Exercise data: Begin

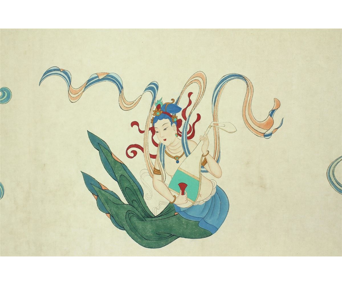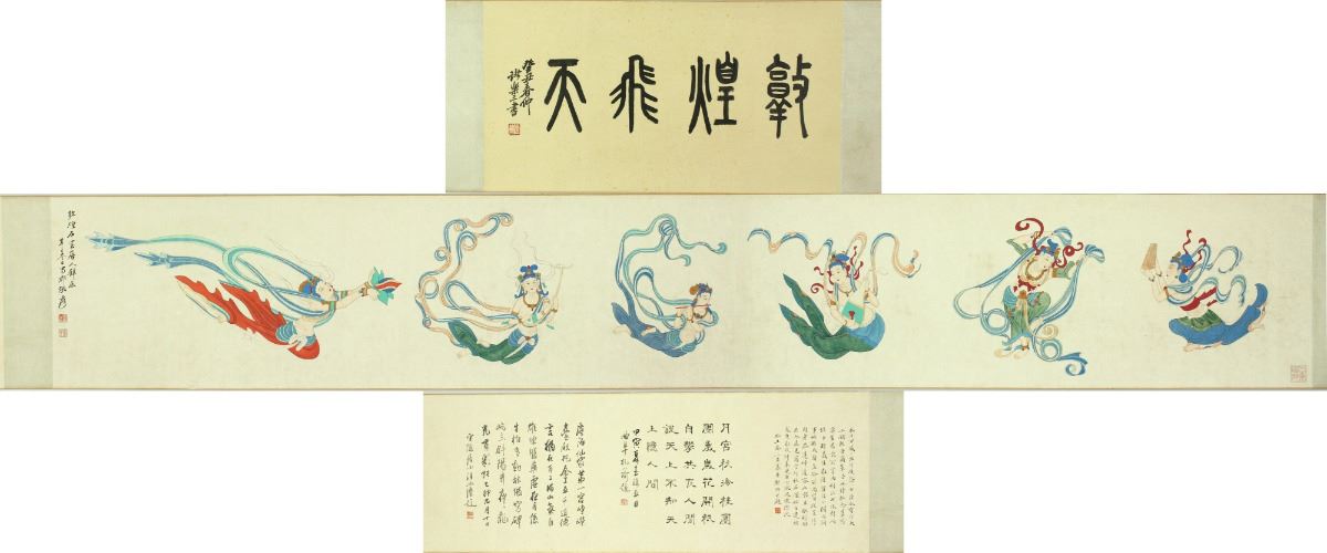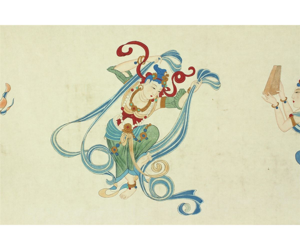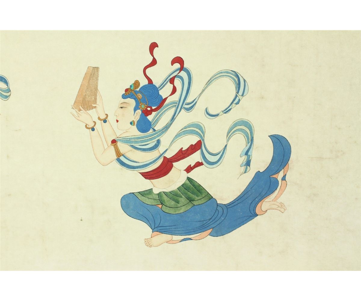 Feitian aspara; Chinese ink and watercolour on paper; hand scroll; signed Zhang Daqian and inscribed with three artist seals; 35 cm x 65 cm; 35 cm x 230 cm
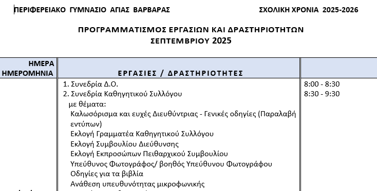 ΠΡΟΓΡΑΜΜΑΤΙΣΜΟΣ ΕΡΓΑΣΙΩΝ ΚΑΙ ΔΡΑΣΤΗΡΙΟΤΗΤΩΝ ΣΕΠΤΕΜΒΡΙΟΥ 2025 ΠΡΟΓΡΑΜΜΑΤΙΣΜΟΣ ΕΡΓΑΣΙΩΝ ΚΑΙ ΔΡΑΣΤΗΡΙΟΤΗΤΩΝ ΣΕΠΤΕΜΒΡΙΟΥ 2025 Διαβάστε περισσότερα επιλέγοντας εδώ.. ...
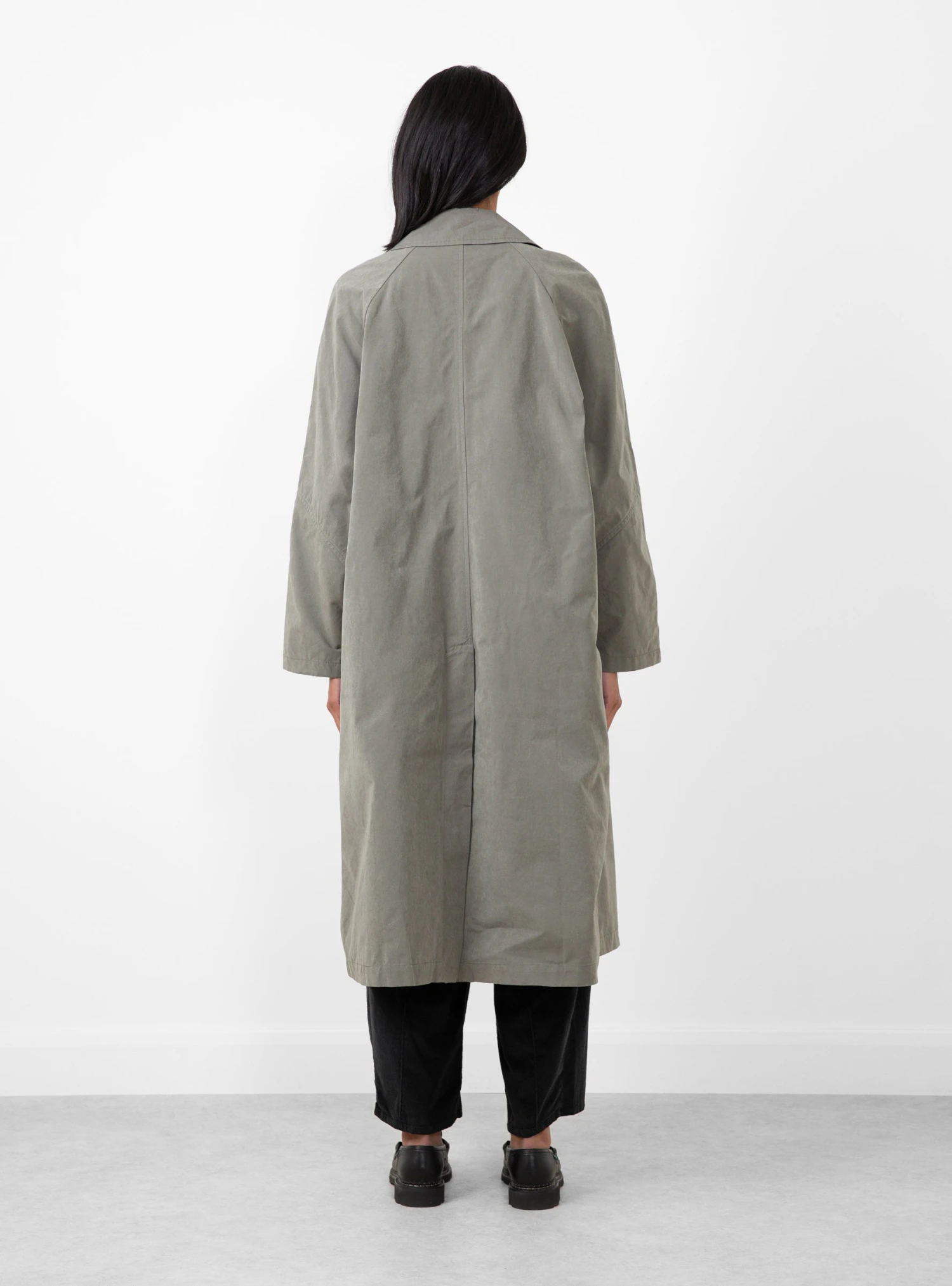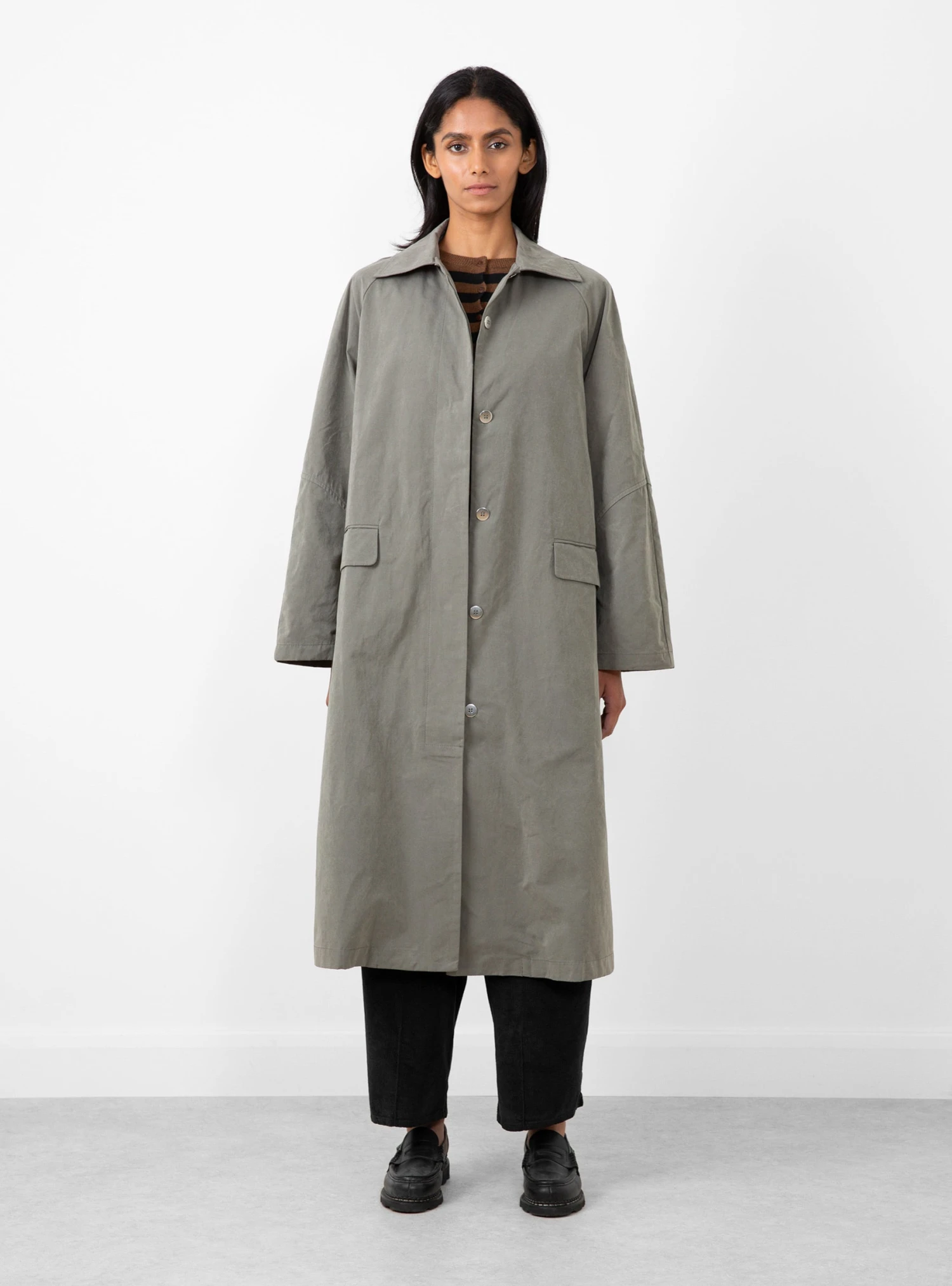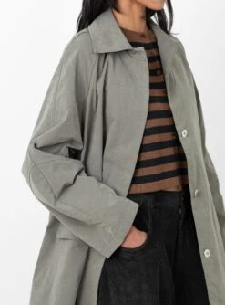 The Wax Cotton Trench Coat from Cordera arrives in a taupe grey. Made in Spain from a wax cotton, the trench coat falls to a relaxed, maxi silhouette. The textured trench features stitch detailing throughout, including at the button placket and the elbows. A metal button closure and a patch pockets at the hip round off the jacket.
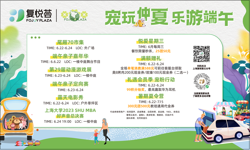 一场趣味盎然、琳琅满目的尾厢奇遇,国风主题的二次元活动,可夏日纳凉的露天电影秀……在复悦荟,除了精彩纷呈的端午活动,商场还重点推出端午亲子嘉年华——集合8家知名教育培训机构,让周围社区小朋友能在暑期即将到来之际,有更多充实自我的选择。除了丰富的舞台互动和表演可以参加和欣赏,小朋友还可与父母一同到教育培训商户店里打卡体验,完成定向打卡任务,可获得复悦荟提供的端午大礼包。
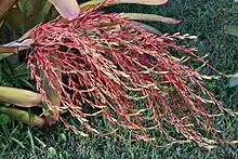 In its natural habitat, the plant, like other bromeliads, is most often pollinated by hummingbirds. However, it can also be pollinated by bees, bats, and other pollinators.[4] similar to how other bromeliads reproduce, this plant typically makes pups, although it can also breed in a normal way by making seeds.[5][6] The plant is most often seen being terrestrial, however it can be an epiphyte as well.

Exercise data: End
Exercise data: Begin

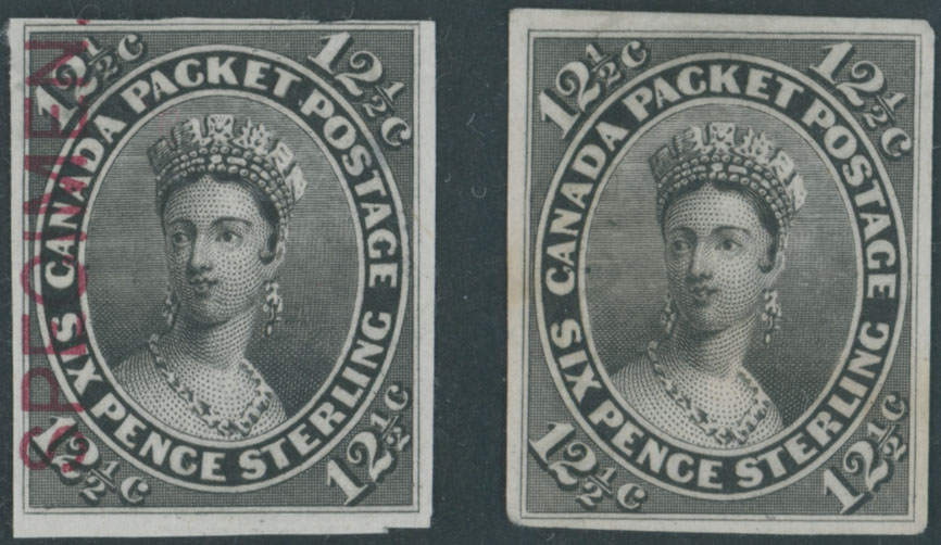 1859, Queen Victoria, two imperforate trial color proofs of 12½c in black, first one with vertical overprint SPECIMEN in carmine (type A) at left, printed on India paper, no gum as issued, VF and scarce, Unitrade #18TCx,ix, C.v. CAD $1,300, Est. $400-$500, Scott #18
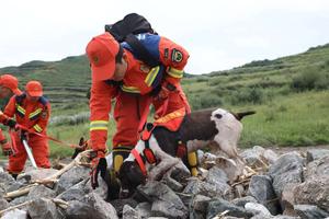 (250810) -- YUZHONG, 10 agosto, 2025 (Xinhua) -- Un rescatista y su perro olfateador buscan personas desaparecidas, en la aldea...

Exercise data: End

### About this exercise
Please output, exactly as written, the lines above from the one holding "The Wax Cotton" through the one holding "In its natural", both included, with the pictures omitted.

### Answer for this exercise
 The Wax Cotton Trench Coat from Cordera arrives in a taupe grey. Made in Spain from a wax cotton, the trench coat falls to a relaxed, maxi silhouette. The textured trench features stitch detailing throughout, including at the button placket and the elbows. A metal button closure and a patch pockets at the hip round off the jacket.
 一场趣味盎然、琳琅满目的尾厢奇遇,国风主题的二次元活动,可夏日纳凉的露天电影秀……在复悦荟,除了精彩纷呈的端午活动,商场还重点推出端午亲子嘉年华——集合8家知名教育培训机构,让周围社区小朋友能在暑期即将到来之际,有更多充实自我的选择。除了丰富的舞台互动和表演可以参加和欣赏,小朋友还可与父母一同到教育培训商户店里打卡体验,完成定向打卡任务,可获得复悦荟提供的端午大礼包。
 In its natural habitat, the plant, like other bromeliads, is most often pollinated by hummingbirds. However, it can also be pollinated by bees, bats, and other pollinators.[4] similar to how other bromeliads reproduce, this plant typically makes pups, although it can also breed in a normal way by making seeds.[5][6] The plant is most often seen being terrestrial, however it can be an epiphyte as well.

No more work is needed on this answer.